Lining up these two qualities, I figure out what the basic breakdown of magic types to sensory impressions is going to be. If, for instance, the division is by who has the powers, and the sense is hearing and mostly limited to music, I might choose different instruments that sort of fit with the thematics of the power-users—did you know that you can fit a five-element system just by using different types of woodwinds and still have plenty of room to fit the rest of the orchestra everywhere else? If, on the other hand, if I’m trying to render the D&D 3.x magic divisions in scents, I might render necromancy as something rotting, divination as incense smoke, enchantment as perfume….
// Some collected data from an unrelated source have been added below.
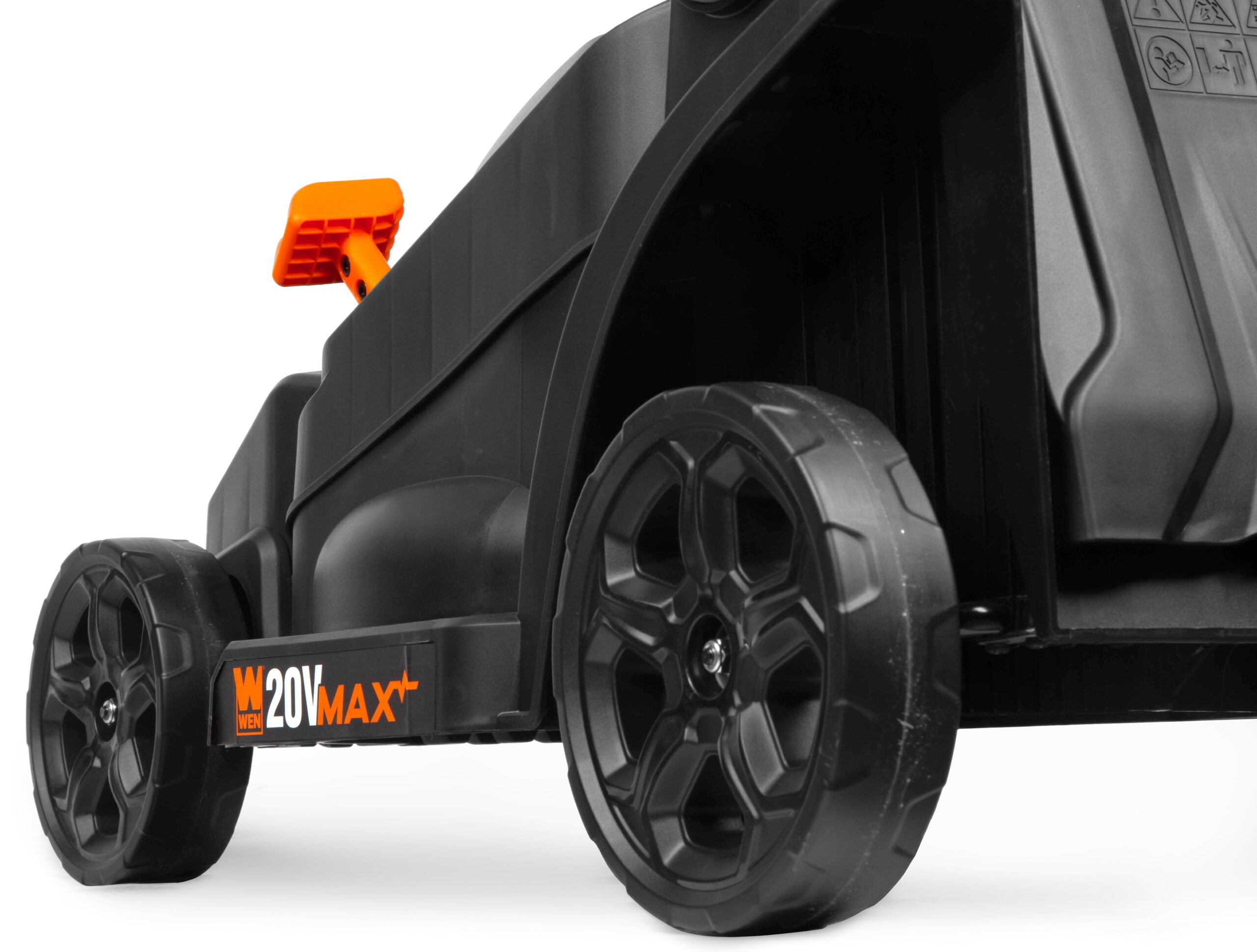Remember when you could mow your entire yard without using a single drop of fuel? Ditch the pull cord, gas, oil, and carbon emissions with the WEN 20V Max 15-Inch Brushless Lawn Mower. With a collapsible handle and a compact and lightweight design, storage and transportation have never been easier. The powerful brushless motor starts quickly and provides better performance, a longer lifespan, and less maintenance than brushed alternatives. The 13-inch blade rotates at up to 3300 RPM, making easy work out of even the thickest grass. Easily adjust the cutting height between five different stops ranging from 1.0 to 2.6 inches. The 6.3-inch rear wheels help the mower glide over tough and bumpy terrain with ease. The included fade-free 5Ah lithium-ion battery and charger also work with the entire WEN 20V Max Series to make your yard work easier than ever. And because it’s a WEN product, your mower comes backed by a two-year warranty, a nationwide network of skilled service technicians and a friendly customer help line. Remember when your yard was the talk of the town? Remember WEN.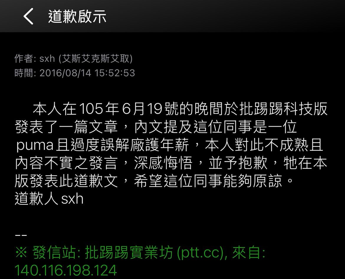 之原因所在。本人對於台達電與許姓人資因系爭貼文及推文而受到騷擾與批評之處,本人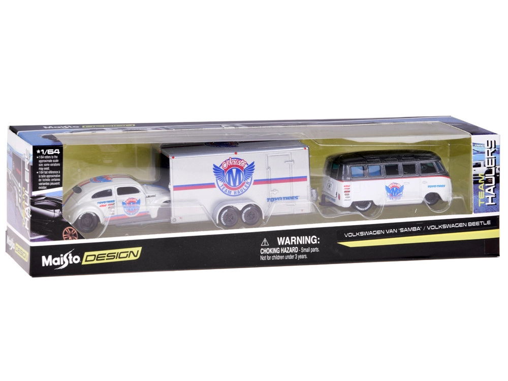 Volkswagen Van Samba е оборудван с теглична кука за прикачване на ремаркето; куката може при нужда да се демонтира, а ремаркето да се откачи без развиване. Целият комплект е идеален за почитатели на класическите автомобили, колекционери в мащаб 1:64 и деца, които обичат креативната игра.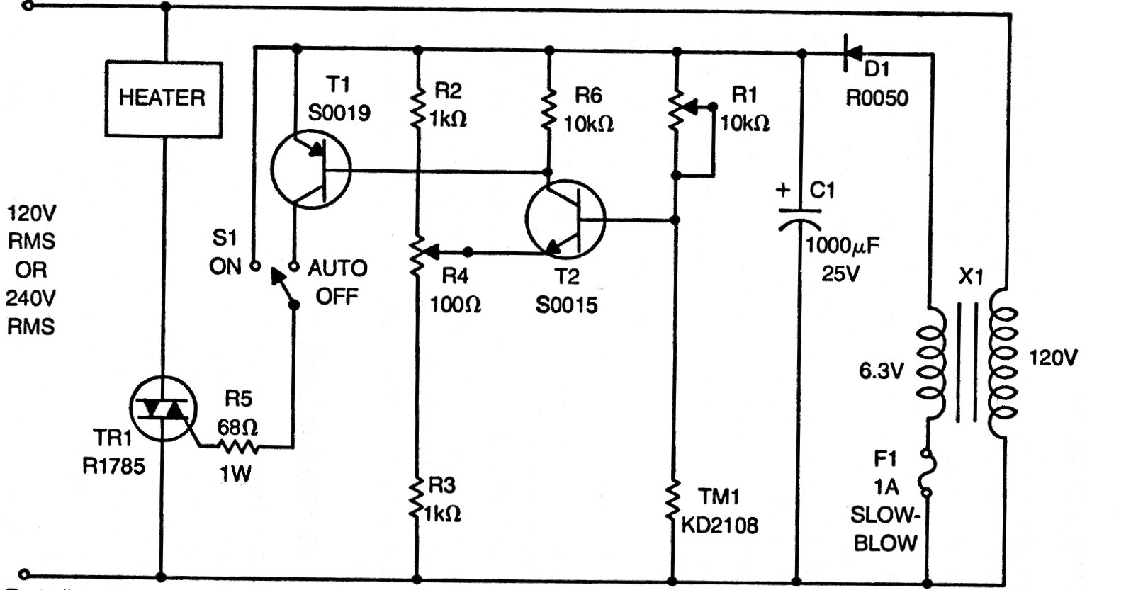 We found this circuit in an old documentation from the 70s, but it can be assembled with modern components. T1 can be a BC548 and T2 a BC538. The TM1 sensor is an NTC of approximately 10k of resistance. The Triac can be of the TIC series with current capacity according to the heating element. This component must be mounted on a good heat radiator. The NTC must sense the ambient temperature, set to R1. D1 can be a 1N4002 and transformer X1 has a secondary of 200 mA or more of current. For the 220 V network, the transformer must have a primary according to this voltage.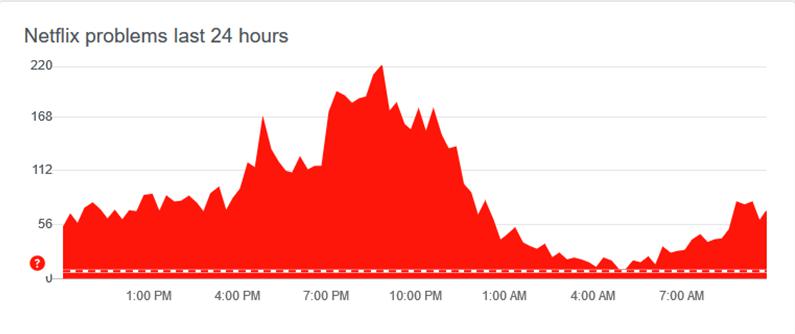 De una revisión de la página Downdetector, la cual mide la cantidad de problemas que tienen servidores de servicios online, se puede ver que en las últimas horas, ha habido varios reportes de averías a nivel mundial. Es más, de un análisis del gráfico de reporte de problemas de Netflix de las últimas 24 horas (a las 10:00 AM del día 21 de marzo), se puede ver que en las últimas 24 horas, hubieron instancias donde se reportaron más de 220 errores por hora.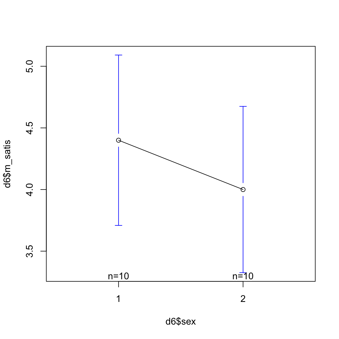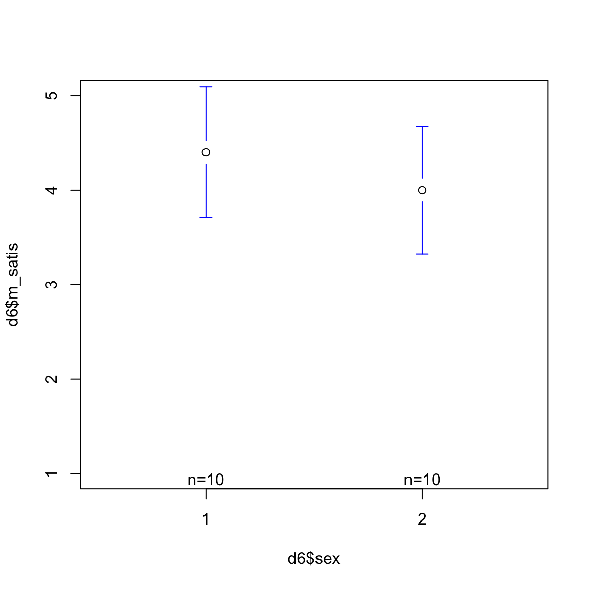 plotmeans(d6$m_satis ~ d6$sex, ylim=c(1,5), connect = F)
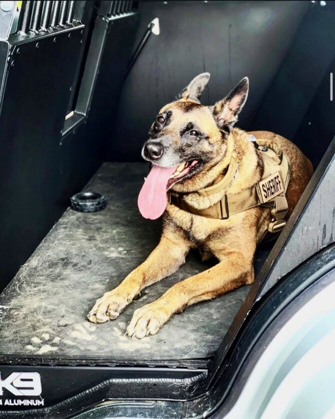 Rik, a former military dog trained in the detection of explosive devices, completed two tours in Afghanistan before being acquired by the sheriff’s office in 2017. At the time, the Belgium Malinois was about 3.5 years old.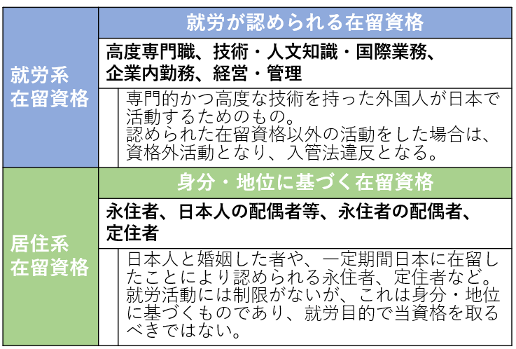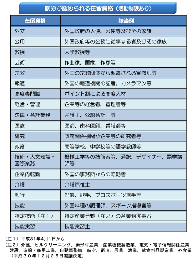 出入国在留管理庁「在留資格一覧表」より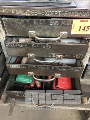 WOODRUFF CUTTERS, LATHE TOOL TOPS, HEX KEYS, ETC CONTENTS 4 x DRAWERS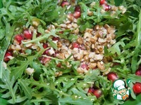Описание: Салат с рукколой, гранатом и голубым сыром. Прекрасный лакто-вегетаринский салат. Пряный, ароматный и довольно сытный, благодаря руколе и голубому сыру.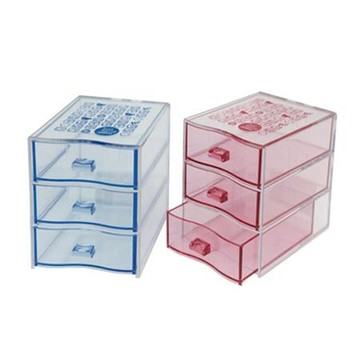 抽屜式收納盒 透明抽屜 桌面收納 3層 粉紅佳人 1個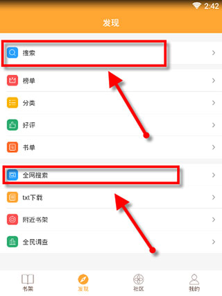 2、在发现页面,用户可在第一栏的搜索框中输入自己想看的书籍名称。倘若小书亭未能找到您所需的书籍,那就点击中间的“全网搜索”,以查找您想看的书籍。
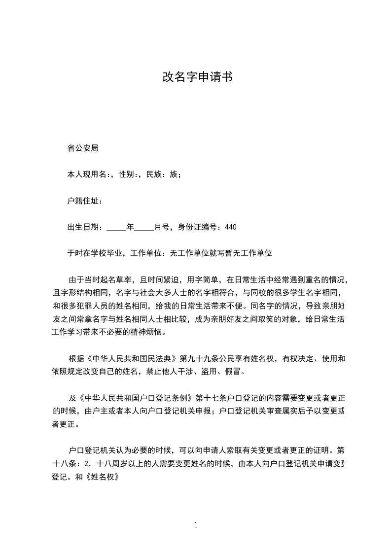 本人姓名[现姓名],性别[性别],身份证号码为[身份证号码],于[出生日期]出生,常住户口地址为[现住址]。因[具体重名原因],导致日常生活及社会活动中诸多不便,现申请将本人姓名变更为[拟变更姓名]。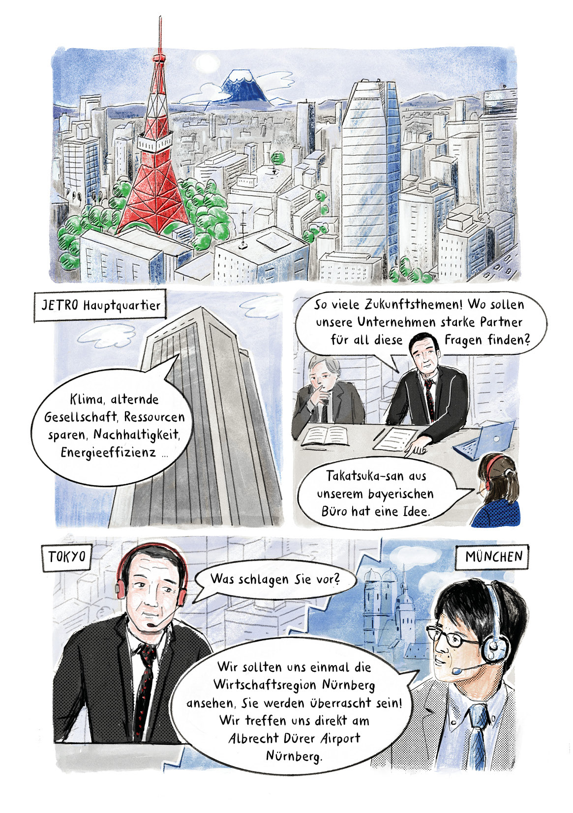 Mit dem Informations-Comic "Metropolregion Nürnberg und Japan" soll bei japanischen Geschäftsleuten das Interesse für die Metropolregion Nürnberg geweckt werden.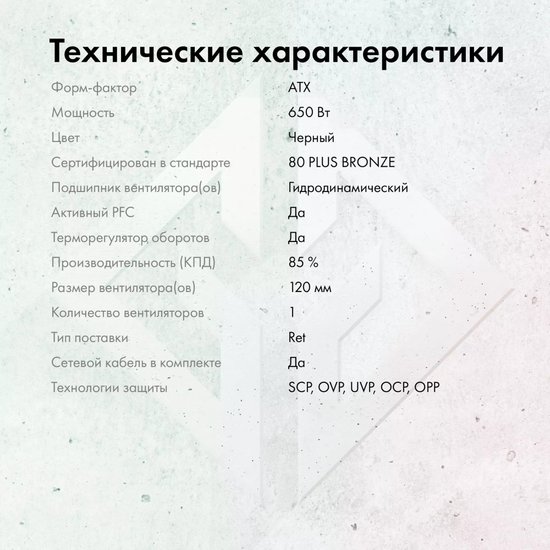❗️Текст описания составлен при помощи искусственного интеллекта.✅ Блок питания GMNG GG-PS650W-V2 — это надежный и мощный источник энергии для вашего игрового ПК. С мощностью 650 Вт он обеспечит стабильную работу всех компонентов, даже при высоких нагрузках.✅ Благодаря активной коррекции фактора мощности (PFC) и высокому КПД в 85%, вы можете быть уверены в эффективности и экономичности этого блока питания. Сертификат 80 PLUS Bronze подтверждает его высокое качество и надежность.✅ Форм-фактор ATX и стандарт ATX12V 2.31 делают GMNG GG-PS650W-V2 совместимым с большинством современных материнских плат. Плоские кабели упрощают прокладку и улучшают вентиляцию внутри корпуса.✅ Система охлаждения представлена одним 120 мм вентилятором с гидродинамическим подшипником, что обеспечивает тихую и эффективную работу. Высота блока питания всего 86 мм, что позволяет легко установить его в компактные корпуса.⚠️ Обратите внимание на количество линий +12V — всего одна, но с максимальным током 54 А, что гарантирует стабильное питание для мощных видеокарт и других компонентов.✅ GMNG GG-PS650W-V2 также предлагает множество разъемов: 6 SATA и 3 PCIe 6+2 pin, что делает его идеальным выбором для сборки мощного игрового компьютера.❗️Текст описания составлен при помощи искусственного интеллекта.✅ Блок питания GMNG GG-PS650W-V2 — это надежный и мощный источник энергии для вашего игрового ПК. С мощностью 650 Вт он обеспечит стабильную работу всех компонентов, даже при высоких нагрузках.✅ Благодаря активной коррекции фактора мощности (PFC) и высокому КПД в 85%, вы можете быть уверены в эффективности и экономичности этого блока питания. Сертификат 80 PLUS Bronze подтверждает его высокое качество и надежность.✅ Форм-фактор ATX и стандарт ATX12V 2.31 делают GMNG GG-PS650W-V2 совместимым с большинством современных материнских плат. Плоские кабели упрощают прокладку и улучшают вентиляцию внутри корпуса.✅ Система охлаждения представлена одним 120 мм вентилятором с гидродинамическим подшипником, что обеспечивает тихую и эффективную работу. Высота блока питания всего 86 мм, что позволяет легко установить его в компактные корпуса.⚠️ Обратите внимание на количество линий +12V — всего одна, но с максимальным током 54 А, что гарантирует стабильное питание для мощных видеокарт и других компонентов.✅ GMNG GG-PS650W-V2 также предлагает множество разъемов: 6 SATA и 3 PCIe 6+2 pin, что делает его идеальным выбором для сборки мощного игрового компьютера.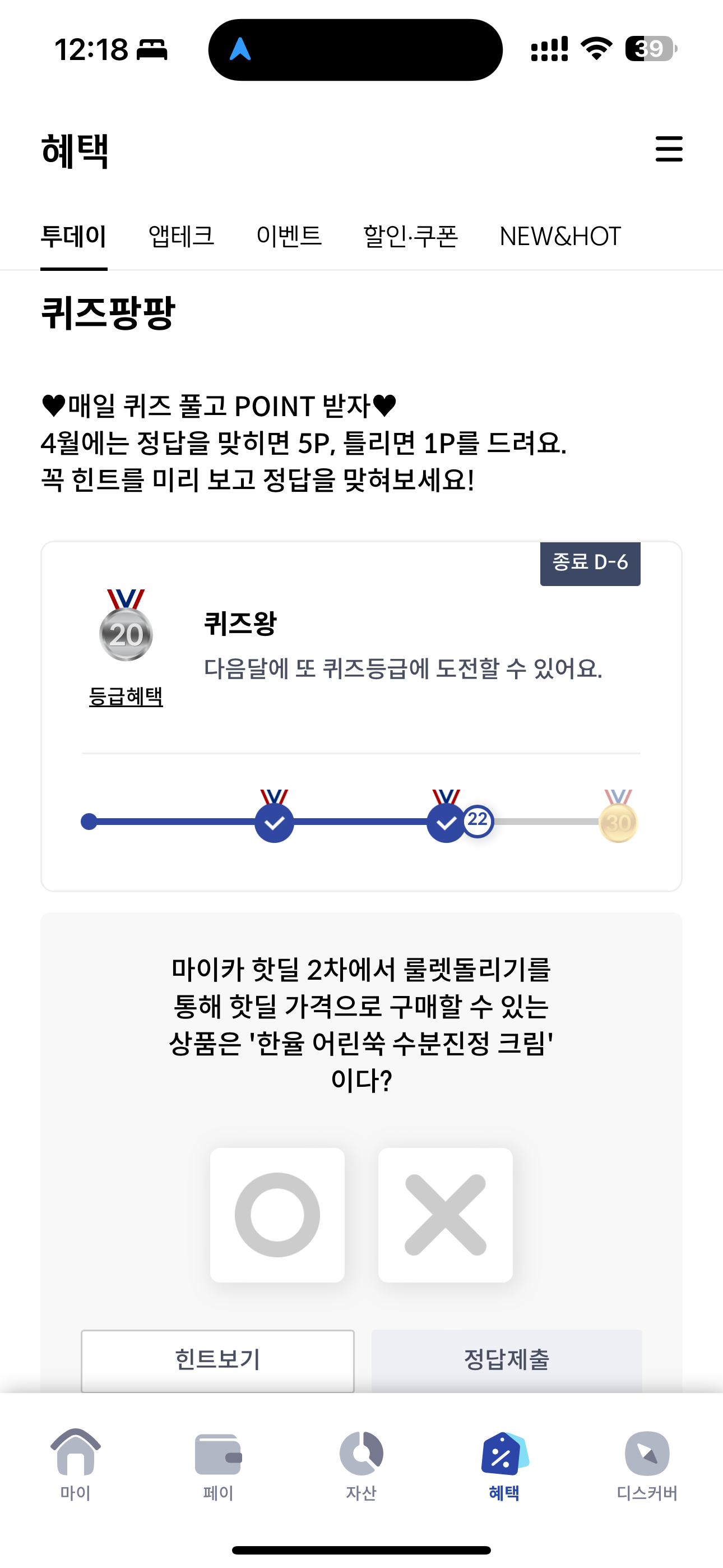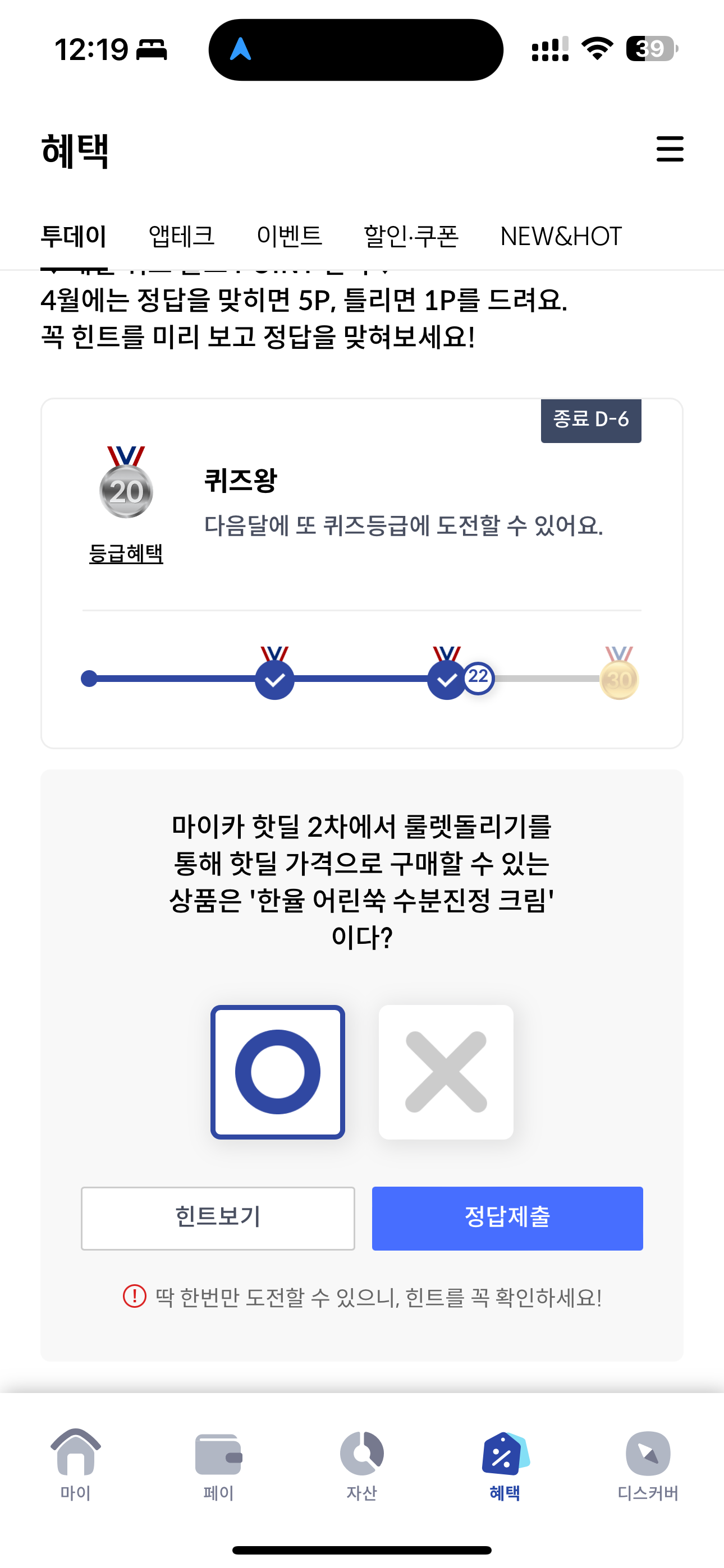 마이카 핫딜 2차에서 룰렛돌리기를 통해 핫딜 가격으로 구매할 수 있는 상품은 '한율 어린쑥 수분진정 크림'이다? O, X 퀴즈인데요. 마이카에서 핫딜로 좋은 가격에 구입할 수 있게 다양한 상품들이 준비되어 있습니다. 자신에게 필요한 제품이 있는지 확인해 보세요

Now I look at what exactly the magic I’m describing is supposed to do, and see what that tells me. Intensity is usually the first of these to go: the more drastic the magic’s effects, the more uncomfortable or intense an impression it’s going to give. If it’s working something that’s practically a miracle, and the observer is listening to it, she’s going to need to cover her ears; if it’s a subtle piece of work and detectable through scent, it might just be a slight impression of whatever it smells like. Then there’s purpose; what exactly is this magic doing? Something that’s meant to be on the attack is likely to be more potentially painful, or at least have a more jagged, sharp feel to it, than a healing technique. On occasion I even get more specific results; I once described how an auditory listening-to-magic technique felt to someone with tactile magic sense by giving her the feeling of fingers not-quite-tapping a rhythm on her back.

Last, I compose the descriptions, flavoring them based on what I expect the individual with the magic sense to have experience with. For a trained musician, for instance, I can do music analogies using technical terms, but for someone else I might talk about it in terms of the kinds of images I get of the notes as the instrument plays. (No, this isn’t synaesthesia, just a lot of pre-existing associations.) If I’ve given someone from the city the ability to taste falsehoods, I might like little white lies taste airy and sweet, like meringues or spun sugar, while vicious untruths might taste corrosively bitter and the subtle things one wants to hear like sugar syrup; if they’re from a pseudo-medieval setting and/or the middle of nowhere, though, my comparisons might be more along the lines of overripe, fall-apart-on-your-tongue blackberries, ashes and honey, respectively.

The best part, I find, is that I don’t just have to use it for magic; with a little modification, I can apply it to any supernatural sense (as with the lie detection above).

1 comment

  1. Shinali says:

    Just a little comment: I’ve noticed that in systems where you can share/borrow the senses of your familiar or an animal, you can work in a lot of these things, especially the flavoring it to match their experience. Take taste/smell lie-detection. A hamster may tell you the truth is nutty and lies are rancid, a mantis may liken truth to flies and lies to ants, and a cat may liken truths to birds and lies to bugs. Similar with other senses (most animals do not see the way we do, many are “deaf” but have auditory sensing hairs or antennae or an eardrum on their midsection that senses ultrasound. All of them will flavor physical or magical senses differently.